Tendenziell gilt: Putzen Sie so lange, bis sich Ihre Zähne richtig sauber anfühlen. Um ganz auf Nummer sicherzugehen, kann man seine Zähne vor dem Putzen mit einer speziellen Plaquetablette einfärben, die es in der Apotheke zu kaufen gibt. Dann muss nur noch die Zeit gestoppt werden, die man benötigt, bis Zähne und Zahnzwischenräume vollständig gereinigt sind.

Tipp: An schwierige Stelle kommt tatsächlich nur die professionelle Zahnreinigung heran – den Termin deshalb unbedingt wahrnehmen!

Weitere Tipps & Tricks vom Experten

Es ist ein weit verbreiteter Irrglaube, dass man eine zu kurze Putzdauer durch verstärkten Druck kompensieren kann. Dies kann jedoch mehr Schaden anrichten als Nutzen bringen. Herr Zimmer rät: Testen Sie den Druck Ihrer Zahnbürste, indem Sie sie mit geschlossenen Augen auf eine Küchenwaage legen – mit dem Druck, den Sie normalerweise beim Zähneputzen verwenden. Schauen Sie nach, ob die Waage mehr als 100 Gramm anzeigt: falls ja, putzen Sie wahrscheinlich zu stark.

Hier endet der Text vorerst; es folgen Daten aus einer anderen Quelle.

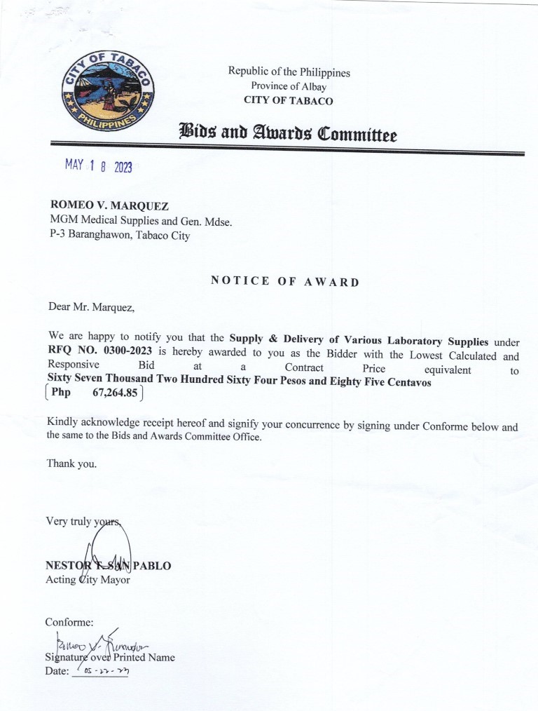 Notice of Award: Supply & Delivery of Various Laboratory Supplies, PR No.23-04-0336 2023, Bids and Awards - Posted by: [ Melissa Biron] Notice of Award: PR No.23-04-0336- MGM Medical Supplies and Gen. Mdse.Download BAC-RESO: PR No.23-04-0336Download

Außerdem putzen viele Personen ihre Zähne eher zufällig als methodisch, wobei konstant bestimmte Stellen vernachlässigt werden, da sie sich eine inkorrekte Routine angewöhnt haben. Es ist wichtig, darauf zu achten, dass kein Zahn ausgelassen und jedem Zahn in etwa gleich viel Aufmerksamkeit gewidmet wird.

Ein besonders kritischer Punkt sind die Eckzähne. Da man beim Zähneputzen die Ausrichtung der Bürste ändern muss (der Bürstenkopf muss von rechts nach links zeigen und umgekehrt), sobald man die Eckzähne erreicht, werden diese oft ausgelassen - also darauf achten!

Untersuchungen haben ergeben: Personen, die Zahnpasta ohne Fluorid verwenden, sind nicht vor Karies geschützt – unabhängig davon, wie gründlich sie putzen. Aus diesem Grund ist Fluorid nach Meinung des Experten unverzichtbar.